A proof-of-concept Na-DFFC yields a peak power density of 33 mW cm-2 at 60 ℃, proving the conceptual feasibility. Moreover, contrary to the conventional chlor-alkali process, this Na-DFFC enables to generate electricity and produce NaOH simultaneously without polluting the environment. The Na-DFFC runs stably during 13 hours of continuous operation at a constant current of 10 mA, along with a theoretical production of 195 mg NaOH.

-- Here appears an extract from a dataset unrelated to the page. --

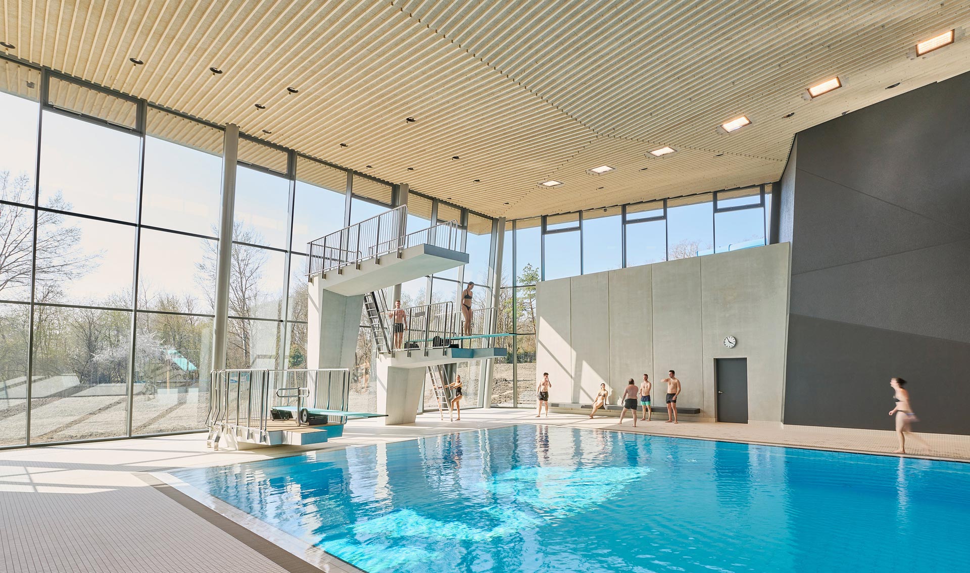 La façade extérieure de la piscine joue à merveille son rôle de barrière thermique mais est aussi transparente et ouverte de sorte que l'impression intérieure soit celle d'une salle de natation immergée dans un environnement naturel. Trois toitures végétalisées aux proportions finement équilibrées différencient le volume et divisent l'espace intérieur en zones de bains.

Let us place the present fuel cell in a large-scale carbon dioxide conversion system, as described in Figure 3. Formate, as a solar fuel, can be easily derived from electrochemical reduction of carbon dioxide in comparison to the formation of other chemicals such as alkanes, alcohols, and carbon monoxide, primarily because the strong carbon-oxygen bond does not undergo complete dissociation. It has been reported that the no-noble metal catalysts, such as Co, Pb, Zn, and Sn, present a high activity toward formate production: the faradaic efficiency on Sn electrode can be as high as ~95%. Question is how to further utilize the formate effectively. The proposed Na-DFFC provides an alternative solution: the photosynthesized formate as a chemical energy carrier, enables to be directly converted into electricity via the Na-DFFC, allowing clean and high-energy conversion efficiency. More appealingly, contrary to the conventional chlor-alkali process that consumes electricity to produce base, the sodium hydroxide also could be yielded as a byproduct without both electrical consumption and environmental pollution. Overall, the Na-DFFC is capable of converting the atmospheric carbon dioxide to electricity and chemical feedstocks. This work presents a new type of electrochemical conversion device that possesses a wide range of potential applications.
This new sustainable technology has been highlighted as “producing electricity from existing chemical feedstocks without environmental pollution” by ChemistryViews, an authoritative magazine in the field of chemistry that is held by 16 continental European chemical societies.